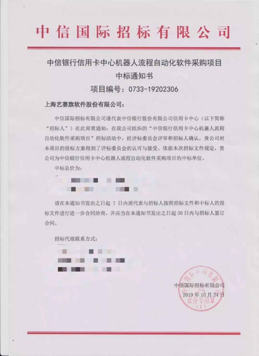 继9月成功中标广发银行的RPA产品项目以来,近期艺赛旗捷报频传、再创佳绩!近日又成功赢得了“中信银行信用卡中心机器人流程自动化软件”项目的中标结果,恭喜艺赛旗成功中标!
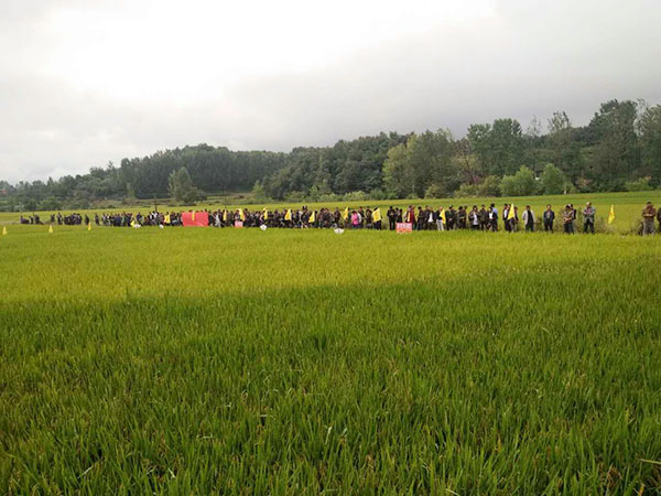 上午8點,來自各個鄉(xiāng)鎮(zhèn)共計308名經(jīng)銷商和農民朋友在棗陽市代理商吳總的組織下乘車前往,浩浩蕩蕩的車隊將參會的300多人載到棗陽市清潭鎮(zhèn)財神稻——隆兩優(yōu)1988的示范田。300多人有序地朝著周光寶師傅家的田塊走去。一到周師傅家的田里,300多人都對今年財神稻隆兩優(yōu)1988的結實率所折服,紛紛豎起了大拇指。還有很多人猜測,至少有1800斤/畝。大家都到齊后,胡經(jīng)理給大家介紹了財神稻隆兩優(yōu)1988的品種特性,接下來周光寶師傅對自己的田塊如何種植做了簡短地介紹,從他的言語中表露出對今年財神稻隆的表現(xiàn)非常滿意。
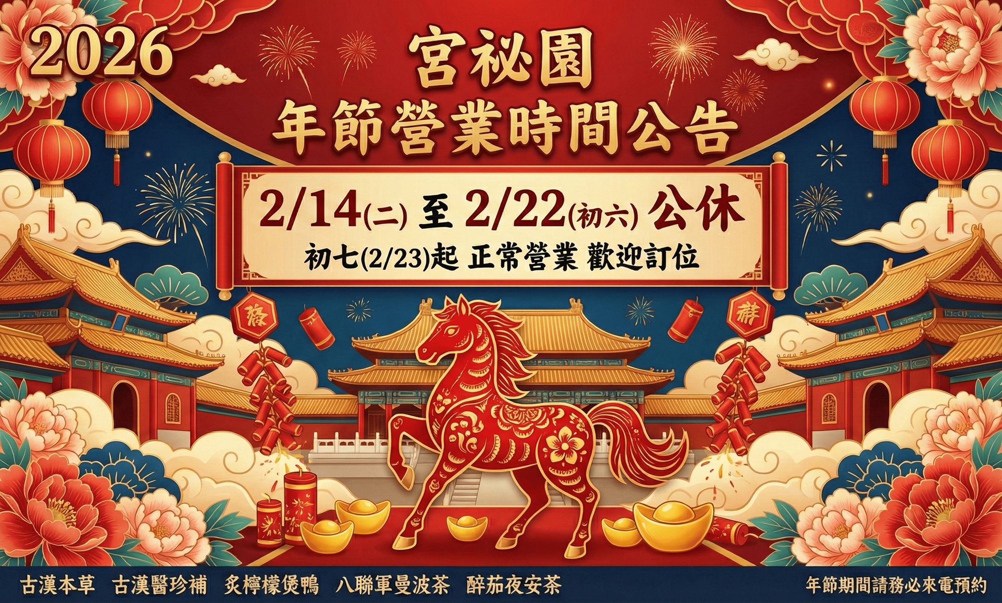 八聯軍曼波茶持續優惠中,歡迎下單訂購。宮秘園用餐採預約制,訂位專線 : 0916-444-218
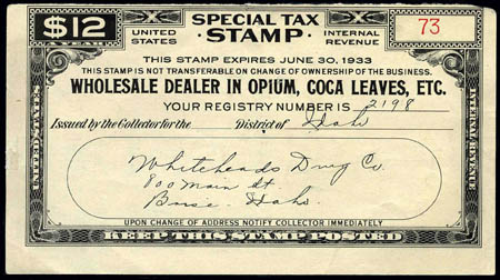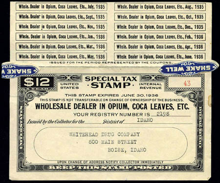 U.S. Back of the Book Collections, Special Tax Stamps For Opium, Etc., 6 diff. from 1930 to 1937, $3 and $12 black forms, 1935 to 1937 with coupons attached, seldom offered, leading Revenue dealer retail $1000+ for same items, Fine to Very Fine. Estimate $300-400.
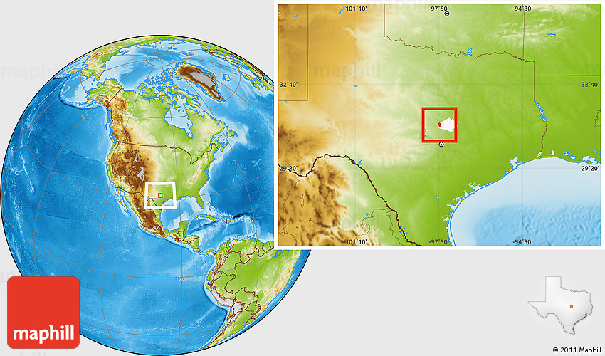 Maphill is a collection of map images. This image combines a physical map with the globe centered on ZIP code 76549. Use the buttons under the image to switch to different map types.
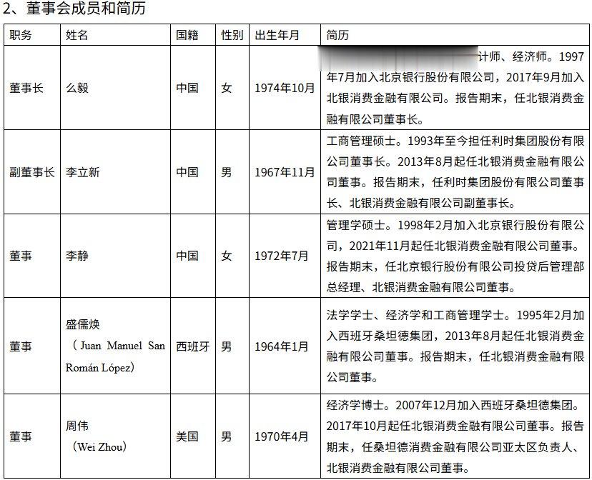 北银消费金融在今年上半年发布了《2024年度信息披露报告》,指出该公司董事会共有董事5名。
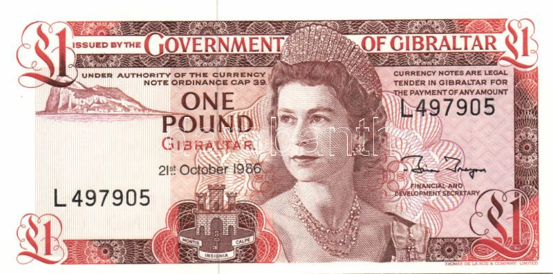 Gibraltár 1986.10.21. 1Ł T:I https://www.darabanth.com/hu/84-Gyorsarveres/84.0/Numizmatika/Kulfoldi-bankjegyek~327/Gibraltar-19861021-1C581-TI~II174711
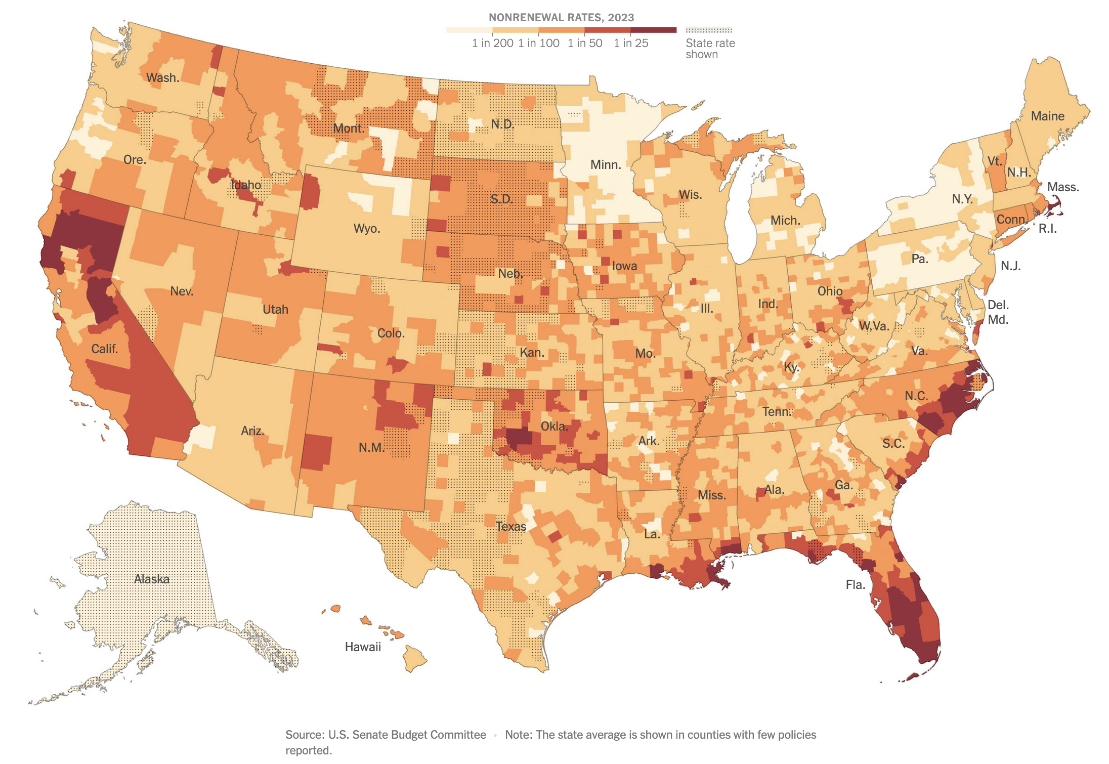 This map, from the Senate Budget Committee via this New York Times article, shows homeowner’s insurance nonrenewal rates in 2023. Red areas are those where over 1 in 25 policies were not renewed in that year alone. These are places insurers are exiting. They line up with areas at risk of hurricanes, wildfires, drought, and other disasters expected to worsen.
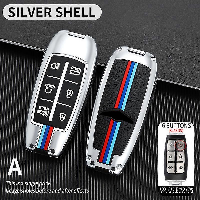 Zinc Alloy Car Key Case Cover with Holder for Hyundai Genesis GV70 GV80 GV90 2020 2021 2022 Key Shell Protective Ring Car Accessories~04598
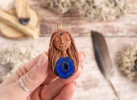 Vsaka Čarobnica je poimenovana po boginjah iz različnih obdobij, kultur in tradicij z vseh koncev sveta. Med izdelavo za vsako Čarobnico posebej povlečem orakelsko karto, ki nosi posebno sporočilo. Z vsako Čarobnico dobite torej še sporočilo, ki ga odkrijete šele, ko odprete paketek.
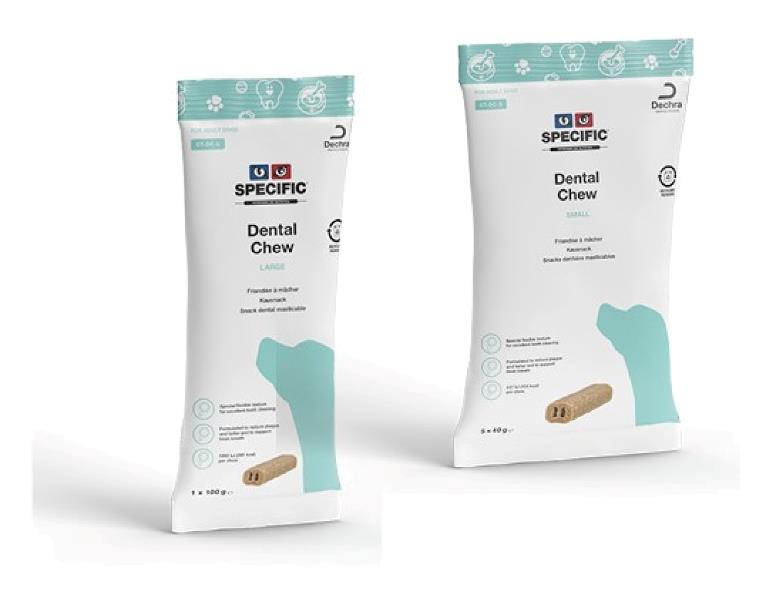 Dankzij de speciale flexibele textuur en de open structuur van de SPECIFIC kauwstaven, kunnen de tanden er diep in doordringen, waardoor de tanden schoon worden geschraapt.

• _WHAT THIS TASK INVOLVES_
No picture is to be printed. Output exactly the lines above from the line containing "Maphill is a" through the line containing "Gibraltár 1986.10.21. 1Ł".

• _SOLUTION_
 Maphill is a collection of map images. This image combines a physical map with the globe centered on ZIP code 76549. Use the buttons under the image to switch to different map types.
 北银消费金融在今年上半年发布了《2024年度信息披露报告》,指出该公司董事会共有董事5名。
 Gibraltár 1986.10.21. 1Ł T:I https://www.darabanth.com/hu/84-Gyorsarveres/84.0/Numizmatika/Kulfoldi-bankjegyek~327/Gibraltar-19861021-1C581-TI~II174711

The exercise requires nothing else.